WHAT TO PRODUCE:
Write out the data again exactly, skipping every picture.
[Opening DATASET EXCERPT section]
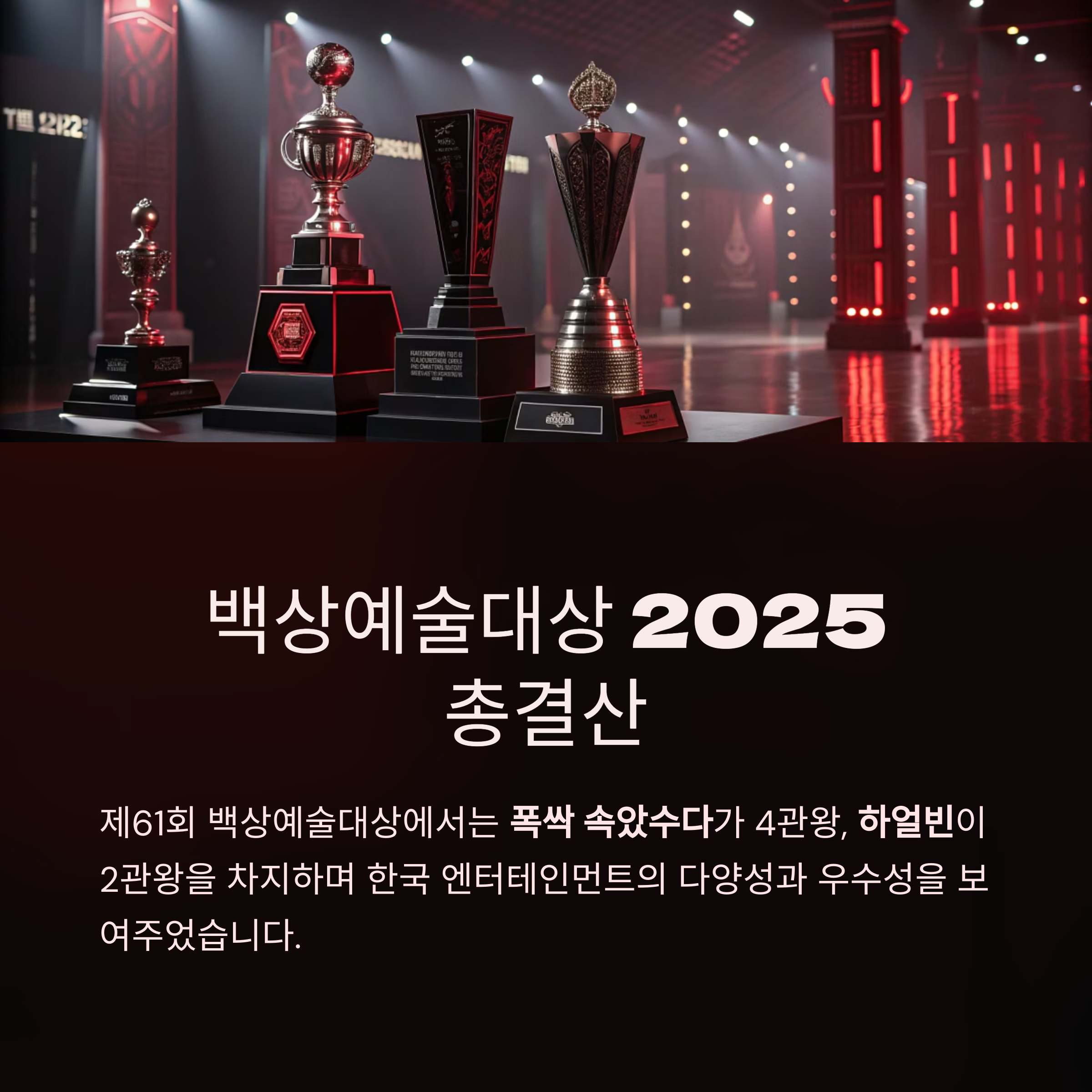 제61회 백상예술대상(2025)의 대상은 영화 《하얼빈》의 홍경표 촬영감독, TV 부문은 넷플릭스 예능 《흑백요리사: 요리 계급 전쟁》이 차지했습니다. 드라마 《폭싹 속았수다》는 작품상, 극본상, 남녀 조연상 등 4관왕을 기록하며 올해 최다 수상작이 됐습니다. 영화 부문 작품상은 《하얼빈》, 감독상은 《리볼버》 오승욱 감독이 차지하는 등, 각 부문별로 다양한 작품과 배우들이 영예를 안았습니다.
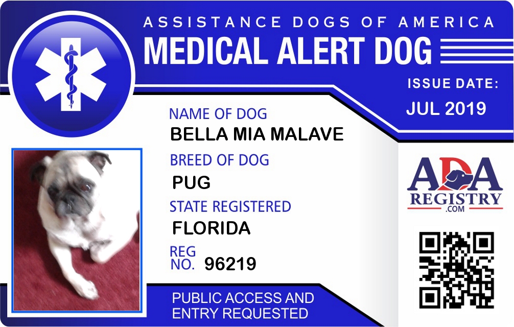 Medical Alert Dog Registration for Bella Mia Malave
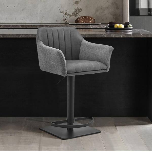 Lush Grey Faux Leather and Fabric Adjustable Swivel Stool
[Closing DATASET EXCERPT section]
ANSWER BELOW:
 제61회 백상예술대상(2025)의 대상은 영화 《하얼빈》의 홍경표 촬영감독, TV 부문은 넷플릭스 예능 《흑백요리사: 요리 계급 전쟁》이 차지했습니다. 드라마 《폭싹 속았수다》는 작품상, 극본상, 남녀 조연상 등 4관왕을 기록하며 올해 최다 수상작이 됐습니다. 영화 부문 작품상은 《하얼빈》, 감독상은 《리볼버》 오승욱 감독이 차지하는 등, 각 부문별로 다양한 작품과 배우들이 영예를 안았습니다.
 Medical Alert Dog Registration for Bella Mia Malave
 Lush Grey Faux Leather and Fabric Adjustable Swivel Stool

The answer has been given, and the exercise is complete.